Дьячков сын не жалеет мирских денег - на взятки и угощения. В нумере на постоялом дворе, где он остановился вместе с мужиком, идет непробудное пьянство несколько дней кряду и такое бесчинство, что депутат и проводник только дивится на господ и "ужахается". Пробовал было он заикнуться о "наших" делах, но дьячков сын, будучи пьян, только обругал его и как будто даже доказал, что дело их давно пропало, что хлопотать тут уж больше нечего и что все давно пошло своим чередом против них. Но наутро он оправился и отпустил мужика домой, сказав, что он, дьячков сын, останется ждать в городе какой-то бумаги, в которой именно и будет сказано все, что следует...
   И опять идет бумага, и опять везет ее становой, и опять в бумаге что-то как будто "не так". Оказывается, что в то время, как они галдели с дядей Парменом о вторичном его путешествии, и в то время, как пьянствовал в городе дьячков сын, "истек"
   еще какой-то срок, день или час, в который можно бы было что-то сделать, а после которого уже решительно "все пропало".
   - И поэтому говорю вам по чести: сделайте переселение добровольно, прибавил становой. - Это будет вам выгоднее:
   если же вы будете продолжать упорствовать, то - и т. д.
   Несмотря на полную справедливость того, что говорил становой пристав, распоясовцы видели, что это - вовсе "не то", что им нужно, и опять не дали "согласу".
   - Так не согласны?
   - Никак нет! Согласу не даем!
   - Не подписываете?
   - Храни бог греха...
   - Но ведь ваше дело проиграно?..
   - Это - не та бумага!
   - Фальшь!..
   - Как твоя фамилия? Кто это сказал "фальшь"? выходи сюда: кто ты таков?
   - Братцы! Не выдавай!..
   - Что-о-о?
   В шуме и гаме пишется новый протокольчик, и новый распоясовский мужик везет его куда следует, погоняя лошадь.
   И становой уезжает тоже на распоясовских лошадях.
   Эти два неожиданные удара, эти две бумаги, так жестоко обманувшие надежды распоясовцев, так много поглотившие денег, разрушившие так много мечтаний, в первую минуту до того потрясают распоясовцев, что они не знают, что делать.
   Нет у них никого, к кому бы обратиться, узнать - как быть:
   дьячков сын пропал, Пармен пропал, никто ничего не знает.
   Старшина гнет на "ихнюю" сторону, в сторону фальшивой бумаги.
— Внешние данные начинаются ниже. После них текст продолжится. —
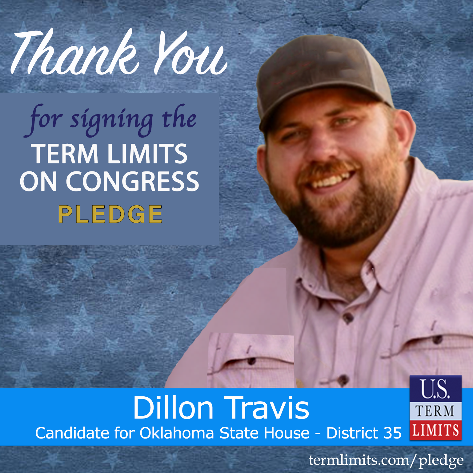 Pawnee, OK – U.S. Term Limits (USTL), the leader in the national, non-partisan movement to limit terms for elected officials, is gathering support from state lawmakers across the nation. Its mission is to get 34 states to apply for an amendment proposal convention specific to term limits on Congress. 2025 Oklahoma state house special election candidate, Dillon Travis (district 35), has committed support for term limits on Congress by signing the term limits convention pledge. Previously, candidate Kevin Wright also signed the pledge. The special primary election is scheduled for December 9, 2025.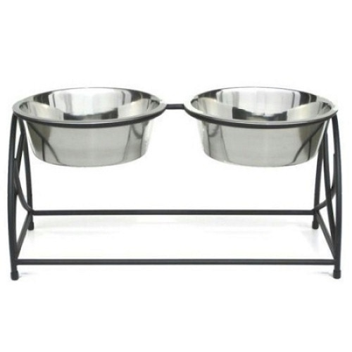 This elevated pet feeder is compact and consumes less space than conventional two-bowl feeders. A traditional style double diner with a butterfly inspired design on its sides. Non-skid plastic feet on legs. Its rounded sides keeps food and water centered for ease of eating. Sturdy wrought iron construction ensures that it lasts a lifetime.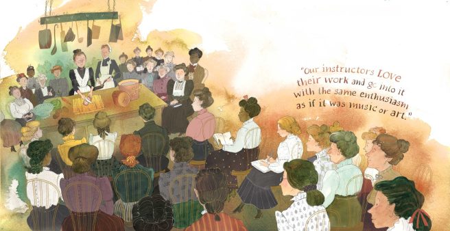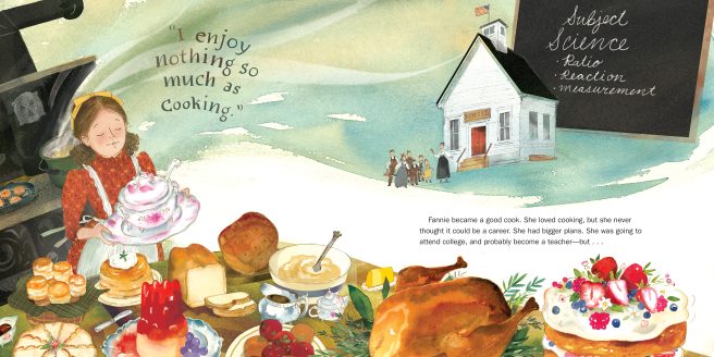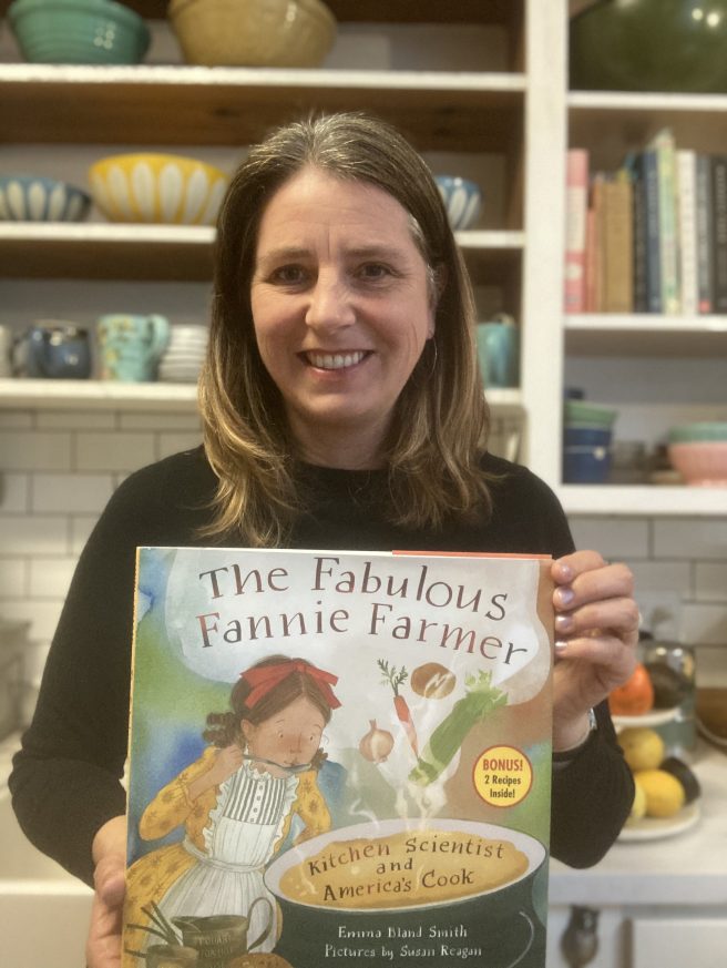 Today we’re happy to welcome San Francisco author Emma Bland Smith to discuss her latest picture book, The Fabulous Fannie Farmer: Kitchen Scientist and America’s Cook (Calkins Creek, 2024). Charmingly illustrated by Susan Reagan, this engaging, well researched account of Fannie’s professional life as an author, culinary expert and teacher officially hits shelves today and will inspire you to whip up one of Fannie’s recipes. 🙂

Что тут делать? "Да неужто нет правды на свете?..
   Время теперь не прежнее!.." И как только эта мысль о правде вступает в головы распоясовцев, остолбенение их тотчас же заменяется жаждою борьбы в сотни раз сильнейшею той, которая двигала ими в первых двух попытках.
   - Али правды нет на свете? - гремит "коновод", вдруг взявшийся незнамо откуда. - Подымай, ребята, последними животами!.. Все одно помирать!
   - Выпускай последний дух!.. Авось сыщется правда-то!..
   - Бог-то на небе, чай, есть!
   - Оскребай, ребята, что есть! Н-но! заодно!
   Этот момент в жизни распоясовцев был полон таким удивительным самоотвержением, какое бывает только в самые решительные минуты. Выворотив все, что "оставалось", "выпустив последний дух", распродав "коровенок, овчонок", распоясовцы стали доходить до Москвы, которая казалась им выше губернского города, стали доходить в Петербург, после того как Москва "просолила дело". И когда в Петербурге тоже оказалось что-то плохо, то, воодушевившись мыслию, что Петербург сошелся не клином, стали распоясовцы достигать до сената и т. д., пока не уперлись в пересылочную тюрьму. Оставшиеся дома распоясовцы ждали результатов с непоколебимым терпением. Не было случайно проходившего или проезжавшего чрез их деревню человека, к которому они не адресовались бы с расспросами о своем деле и не совали бы ему поросенка, чтобы он сказал все, что знает. Сами они не знали ничего.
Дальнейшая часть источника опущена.